[Exercise data — start]

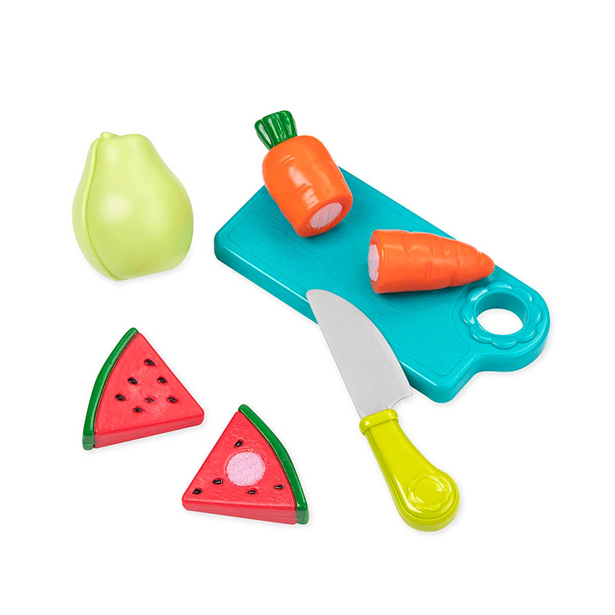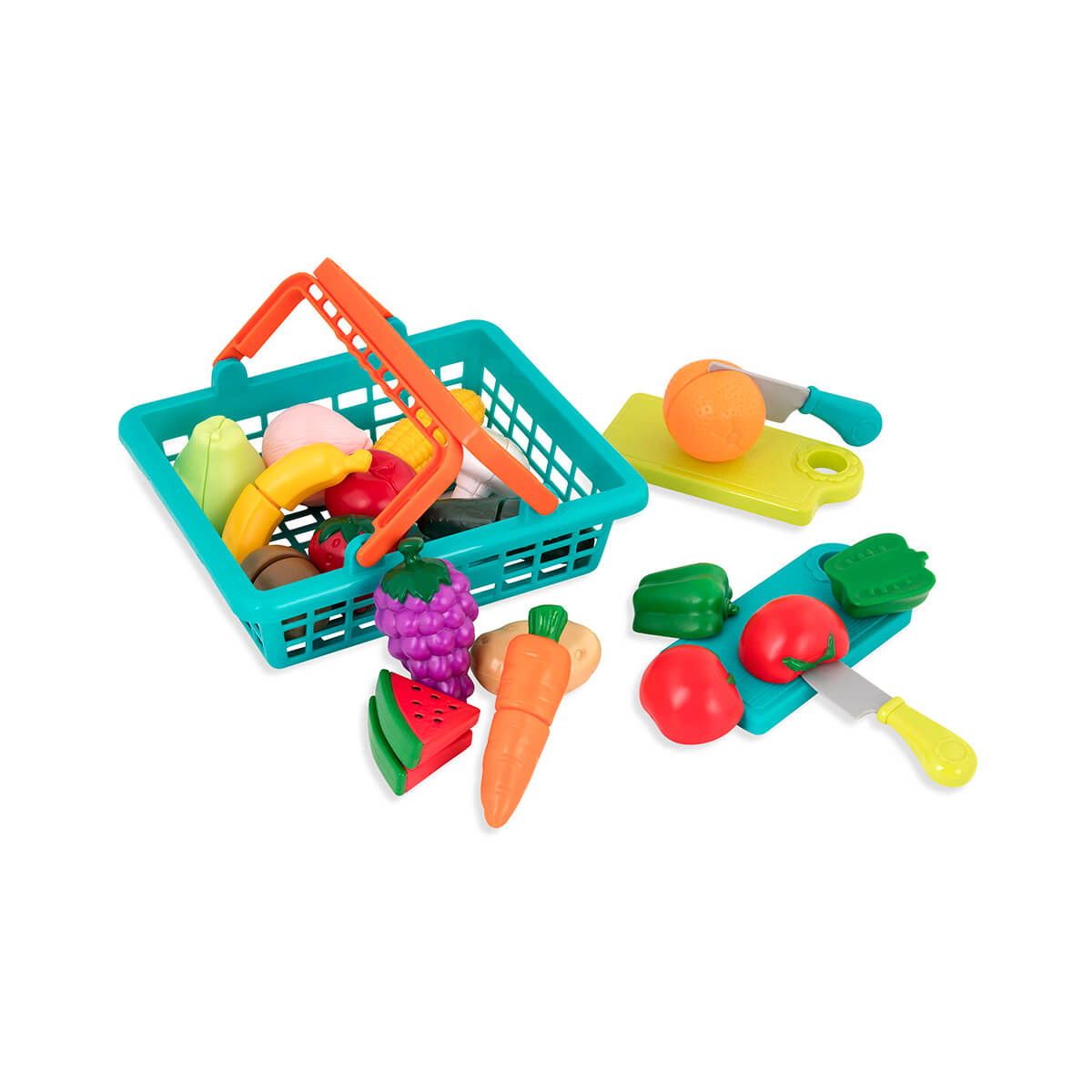 Ігровий набір, з яким дитина довідається більше про корисні продукти харчування - овочі та фрукти. Він розвиватиме дрібну моторику, уяву, увагу. Стане частиною сюжетно-рольових ігор. До набору входять різноманітні пластикові фрукти та овочі на липучках, 2 обробні дошки, 2 безпечних ножа, кошик для зручного зберігання. Всього - 37 предметів. Іграшка рекомендована дітям старше 3-х років.
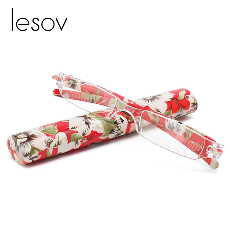 Lesov Печатный Цветок женские очки для чтения с футляры для очков женские прямоугольные линзы из смолы пресбиопические очки женские очки
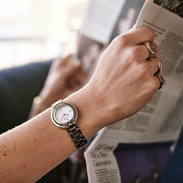 Elegantna in ženstvena, ta ženska ura Bulova iz poliranega jekla predstavlja popolno ravnovesje med subtilnostjo in modernim dizajnom. Njen osrednji element je nežno roza številčnica z biserovino . Namesto klasičnih indeksov ima številčnica subtilne detajle v obliki zvezd ali stiliziranih cvetov, ki poudarjajo romantičen značaj ure. Okroglo ohišje je originalno uokvirjeno z dvema povezanima krogoma, ki ju povezuje eleganten jeklen pašček, ki se elegantno prilagodi vsakemu zapestju. Ta ura Bulova je idealna izbira za žensko, ki išče kos nakita in praktičen modni dodatek v enem.
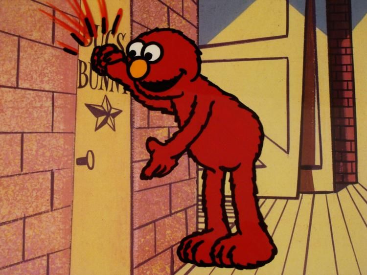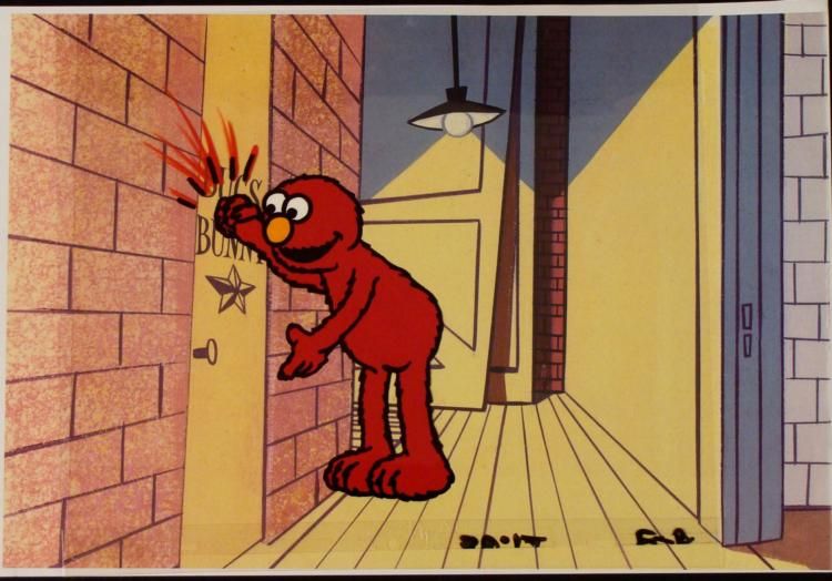 In Elmo's world everyone is happy and full of laughter. Elmo enjoys making friends and having a good time. In the cel, Elmo is knocking on Bugs Bunny's door * * * Original Animation Cel & Printed Background * * Medium: Hand painted acetate celDetails: Animation notations and peg holes * * Size of cel: 10 1/2 x 12 1/2 inchesSize of background: 11 x 17 inches * * Condition: Very good; slight tear on background * * * This is an original hand-painted cel set-up used in the production of an episode of "Sesame Street." Each one-of-a-kind set-up represents a slight change in position of the characters. When individually photographed and projected in rapid succession, the * images appear to move. * * To create production cels, the original animator's drawing is transferred onto an acetate cel (by hand-inking and/or photo copying). The cel is then hand-painted on the reverse side. The background accompanying this set-up is a printed reproduction background. * *

[Exercise data — finish]

■ **Aim of the task**: Reproduce the data in full. Do not carry over any picture.

■ **Result for this exercise**:
 Ігровий набір, з яким дитина довідається більше про корисні продукти харчування - овочі та фрукти. Він розвиватиме дрібну моторику, уяву, увагу. Стане частиною сюжетно-рольових ігор. До набору входять різноманітні пластикові фрукти та овочі на липучках, 2 обробні дошки, 2 безпечних ножа, кошик для зручного зберігання. Всього - 37 предметів. Іграшка рекомендована дітям старше 3-х років.
 Lesov Печатный Цветок женские очки для чтения с футляры для очков женские прямоугольные линзы из смолы пресбиопические очки женские очки
 Elegantna in ženstvena, ta ženska ura Bulova iz poliranega jekla predstavlja popolno ravnovesje med subtilnostjo in modernim dizajnom. Njen osrednji element je nežno roza številčnica z biserovino . Namesto klasičnih indeksov ima številčnica subtilne detajle v obliki zvezd ali stiliziranih cvetov, ki poudarjajo romantičen značaj ure. Okroglo ohišje je originalno uokvirjeno z dvema povezanima krogoma, ki ju povezuje eleganten jeklen pašček, ki se elegantno prilagodi vsakemu zapestju. Ta ura Bulova je idealna izbira za žensko, ki išče kos nakita in praktičen modni dodatek v enem.
 In Elmo's world everyone is happy and full of laughter. Elmo enjoys making friends and having a good time. In the cel, Elmo is knocking on Bugs Bunny's door * * * Original Animation Cel & Printed Background * * Medium: Hand painted acetate celDetails: Animation notations and peg holes * * Size of cel: 10 1/2 x 12 1/2 inchesSize of background: 11 x 17 inches * * Condition: Very good; slight tear on background * * * This is an original hand-painted cel set-up used in the production of an episode of "Sesame Street." Each one-of-a-kind set-up represents a slight change in position of the characters. When individually photographed and projected in rapid succession, the * images appear to move. * * To create production cels, the original animator's drawing is transferred onto an acetate cel (by hand-inking and/or photo copying). The cel is then hand-painted on the reverse side. The background accompanying this set-up is a printed reproduction background. * *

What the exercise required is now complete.